女川の新たな灯台になりたい。そんな思いで営業するトレーラーハウスの宿泊施設「ホテル・エルファロ」
宮城県牡鹿郡にあるJR女川駅の目の前には、少し変わった景色が広がっています。同じような平屋の長細い家がいくつも立ち並んでおり、それもそのどれもがとてもカラフルに彩られているのです。
よく見ると、その建物の一つひとつには、タイヤがついています。そう、これらはすべて、トレーラーハウスなのです。この不思議な住宅密集地は、トレーラーハウスを使った宿泊施設、ホテル・エルファロと言います。
なぜ、トレーラーハウスで宿を始めたのか?
もともと女川駅の周辺には、12軒の宿があったそう。それが2011年の東日本大震災で失われてしまいます。

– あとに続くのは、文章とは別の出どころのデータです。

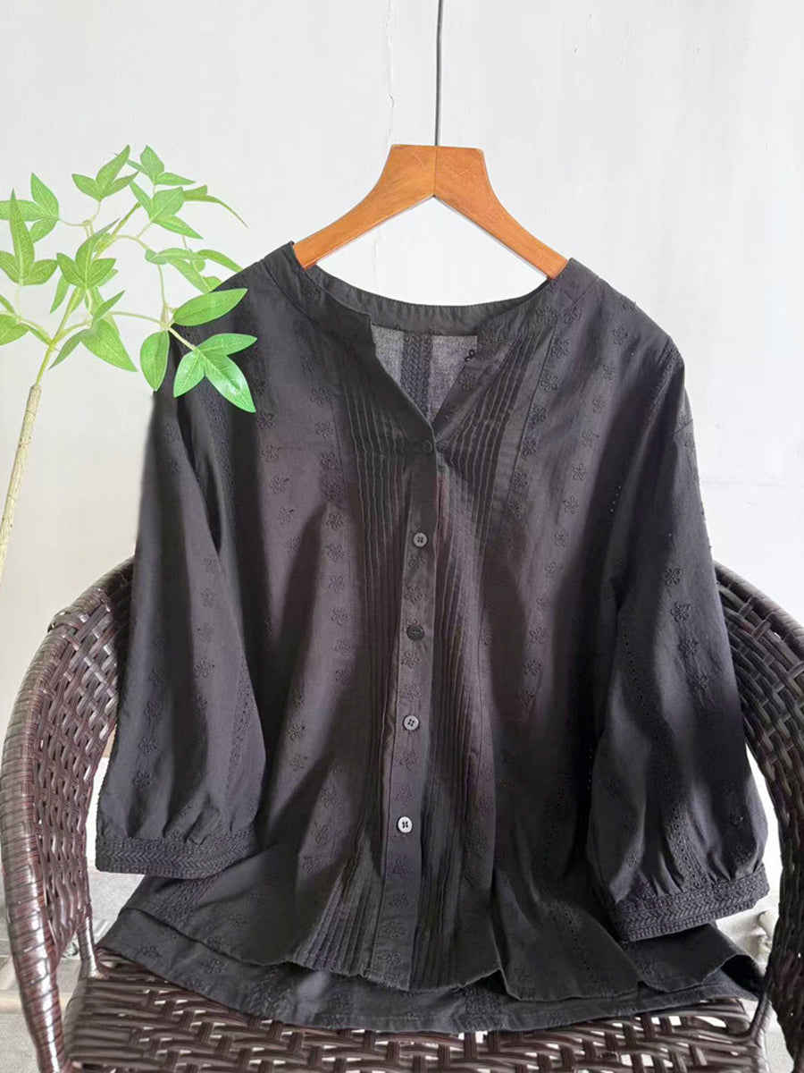 Women Summer Artsy Shirred Cotton Blouse

ホテル・エルファロの創始者のひとり、佐々木里子さんによると、「当時、宿の関係者は失意の中にありましたが、多くのボランティアの方や応援に来てくださる方々が、何もかもがなくなった女川に日々通ってきてくれるのを見て、『これではいけない』『身体を休めてもらう場所を作ろう』と立ち上がりました」とのこと。
そして、役所と交渉し、補助金を使って宿を作ることに。しかし、将来的なことを考えると、いつまでも同じ場所で営業できるとは限りません。
「そこで、移動が容易なトレーラーハウスを用いることにしました。もともとは12軒からなる組合でしたが、うち4軒は高齢などの理由から辞められ、残った4軒の宿が協力し、女川トレーラーハウス宿泊村「EL faro(エルファロ)」を立ち上げました。2012年10月のことです」(佐々木さん)
2017年8月にリニューアルオープンし、宿泊施設名を「ホテル・エルファロ」を改めてから現在は、女川駅に隣接する形で営業していますが、立ち上げた当初は別の場所にあったそう。その大移動の様子は、動画で残されています。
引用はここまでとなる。